A fine day I came across an algorithmic challenge during an interview.
Suppose you have a list of contiguous numbers, but it is somehow missing out on one number in the list. For an example, take this:
4,5,6,7,8,9,10,11,12,14,15The task was to find the missing number which in this case is 13.
I started with :
- parse through the list
- take the starting number
- take the last number
- take the sum of all the numbers in the list (sumA) = 101 calculate a sum using Arithmetic Progression summation formula n*(n+1)/2 (sumB) = 114
- subtract the sum sumA from sumB
- you get the missing number 🥳
While there seems nothing wrong with this, the solution would need me to parse through the whole list and then find the missing number.
This means an O(n) solution
So what comes to mind which is better than O(n) solution, an O(n-1) solution!!
J.K. — an O(log n) solution 😁
You should also notice that the list is sorted.
And which is the simplest and most basic use case of an O(log n) solution? — A binary search.
But, but, but, ..in a binary search we search for a given number within a list which is sorted.
Here the case is a little different.
Here you don’t know yet what you are looking for, in-fact that number is the thing you are supposed to find.
The interviewer provided me a very strong hint.
She says — “Look at the indices of the array items.”
Look at the list for a while, and then think, what numeric relation each number has with the index of it.
I’d suggest go one level deeper, think Normalisation.
Subtract the difference with the starting item, 4
So now the problem is reduced to → “in a given contiguous string of 0’s and 1’s, find the first 1’s position from the left”.
You can write your own binary search algorithm for finding the first 1 from this sorted list of 0s and 1s :
set left pointer at 0 & set right pointer as length-1
if list(right) equals 0, it means there is no 1 in the list, -1 is the answer
if list(left) equals 1, left is the solution
if list(right) equals 1 left and list(right-1) is 0, right is the solution
calculate mid as (left + right)/2
if list(mid) is 0, go step 1. with left = mid
if list(mid) is 1, go step 1. with right = mid
I’m calling this algorithm ‘Left-most-1’ algorithm for reference
I will do a dry run of the algorithm in a tabular form:
I will do a dry run of the algorithm in a tabular form:
So on the 5th step when it encounters the right pointer pointing to 1 and on the right-1 position as 0, it breaks with right pointer as the solution.
The complexity is O(log n)
So what does it all mean?
Basically it means that if I know that the left most 1’s position is on index 9, it means that on the main list, where list(9) is 14, the item missing would be list(9)-1 or 13.
All in O(log n)
It is imperative to understand that this algorithm needs a normaliser function to check for the number, so, in the above algorithm, just have a method which will basically find us the 4th row from Table 3 above.
The normaliser function for a given list, provided an index, would return you the
list(index)- list(0) — index
Here’s the modified ‘Left-most-1’ algorithm
Set left pointer at 0 & set right pointer as length-1
if normalised(right) equals 0, it means there is no 1 in the list, -1 is the answer :red_star:
if normalised(left) equals 1, left is the solution :green_star:
if normalised(right) equals 1 left and normalised(right-1) is 0, right is the solution :blue_star:
calculate mid as (left + right)/2
if normalised(mid) is 0, go repeat with left = mid
if normalised(mid) is 1, go repeat with right = mid
Here’s a working example of the same.
But why did I call this an ‘algorithm to rule them all’?
Okay, it is a bit of an overstatement, but I’ll tell you where all can this algorithm be applied:
Whenever you have a list which has ‘one type’ of elements on the left side and the rest of the elements on the right side.
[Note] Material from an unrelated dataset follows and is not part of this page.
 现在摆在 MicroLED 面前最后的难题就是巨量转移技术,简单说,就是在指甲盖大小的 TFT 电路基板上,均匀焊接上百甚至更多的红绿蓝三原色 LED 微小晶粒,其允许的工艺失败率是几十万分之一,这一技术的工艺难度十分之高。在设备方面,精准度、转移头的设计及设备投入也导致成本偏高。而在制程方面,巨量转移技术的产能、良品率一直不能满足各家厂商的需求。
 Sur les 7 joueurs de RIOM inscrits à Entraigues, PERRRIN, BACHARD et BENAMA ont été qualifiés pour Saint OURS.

And you have to find that ‘boundary’.
So basically you just change the normaliser function we discussed above with whatever criteria you have to judge the elements as ‘one type’ than the other.
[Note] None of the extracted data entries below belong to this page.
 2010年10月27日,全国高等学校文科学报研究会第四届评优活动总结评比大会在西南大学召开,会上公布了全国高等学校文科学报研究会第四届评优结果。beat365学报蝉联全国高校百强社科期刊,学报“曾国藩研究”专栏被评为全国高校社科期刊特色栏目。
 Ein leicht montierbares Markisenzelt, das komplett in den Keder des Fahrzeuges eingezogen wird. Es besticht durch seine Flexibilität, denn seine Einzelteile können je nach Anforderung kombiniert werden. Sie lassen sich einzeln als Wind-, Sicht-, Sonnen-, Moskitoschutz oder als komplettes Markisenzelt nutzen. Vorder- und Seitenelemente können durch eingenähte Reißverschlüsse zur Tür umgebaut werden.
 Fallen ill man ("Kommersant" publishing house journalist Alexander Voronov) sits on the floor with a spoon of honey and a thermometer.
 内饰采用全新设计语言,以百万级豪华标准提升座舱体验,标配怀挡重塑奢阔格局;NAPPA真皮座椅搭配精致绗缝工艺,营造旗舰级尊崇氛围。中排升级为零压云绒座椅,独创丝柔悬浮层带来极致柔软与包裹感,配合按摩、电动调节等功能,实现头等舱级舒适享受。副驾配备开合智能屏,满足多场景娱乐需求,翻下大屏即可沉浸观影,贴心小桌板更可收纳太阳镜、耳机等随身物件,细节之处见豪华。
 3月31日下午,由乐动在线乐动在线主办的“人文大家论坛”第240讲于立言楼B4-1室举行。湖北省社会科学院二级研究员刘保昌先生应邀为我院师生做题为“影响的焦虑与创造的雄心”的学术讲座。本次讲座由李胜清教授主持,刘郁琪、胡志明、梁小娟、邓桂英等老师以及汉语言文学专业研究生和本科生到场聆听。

Just like in our given example we have a list the normaliser function determines if the item in the list is beyond the missing number or not, and just furnishes a 0 if it not beyond and furnishes 1 if it is beyond the missing number.
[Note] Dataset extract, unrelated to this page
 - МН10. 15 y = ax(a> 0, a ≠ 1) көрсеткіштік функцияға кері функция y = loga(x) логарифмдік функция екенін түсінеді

Now just apply this theory to different scenarios:
For example,
elements which are smaller than a certain number on the left, and elements which are greater than a certain number on the right, find the first item which is greater
all evens on the left and all odds on the right, find the first odd item
all strings starting with a vowel on the left and all strings starting with a consonant on the right, find the first string that starts with a consonant
Apply the ‘Left-most-1’ algorithm with the normaliser function based on the scenario and you get the solution in O(log n).